== Your goal ==
When you reach the line containing "Готовые домашние задания", begin reproducing the material exactly, stop after the line containing "Nous proposons un", and leave out any pictures along the way.

== Data records ==

┌──

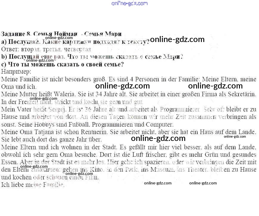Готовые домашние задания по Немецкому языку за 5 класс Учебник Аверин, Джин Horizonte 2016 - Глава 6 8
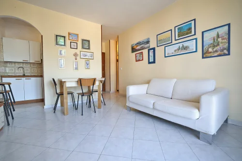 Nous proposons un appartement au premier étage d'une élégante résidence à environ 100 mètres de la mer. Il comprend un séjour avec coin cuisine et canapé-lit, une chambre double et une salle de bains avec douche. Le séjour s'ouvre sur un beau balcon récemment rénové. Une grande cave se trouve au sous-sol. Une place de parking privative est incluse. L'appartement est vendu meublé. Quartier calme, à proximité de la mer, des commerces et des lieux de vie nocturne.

└──
┌──

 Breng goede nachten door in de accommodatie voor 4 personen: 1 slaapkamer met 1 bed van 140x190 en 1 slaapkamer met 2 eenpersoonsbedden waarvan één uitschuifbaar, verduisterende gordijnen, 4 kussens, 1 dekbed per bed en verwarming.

└──

== Output of the exercise ==
Готовые домашние задания по Немецкому языку за 5 класс Учебник Аверин, Джин Horizonte 2016 - Глава 6 8
 Nous proposons un appartement au premier étage d'une élégante résidence à environ 100 mètres de la mer. Il comprend un séjour avec coin cuisine et canapé-lit, une chambre double et une salle de bains avec douche. Le séjour s'ouvre sur un beau balcon récemment rénové. Une grande cave se trouve au sous-sol. Une place de parking privative est incluse. L'appartement est vendu meublé. Quartier calme, à proximité de la mer, des commerces et des lieux de vie nocturne.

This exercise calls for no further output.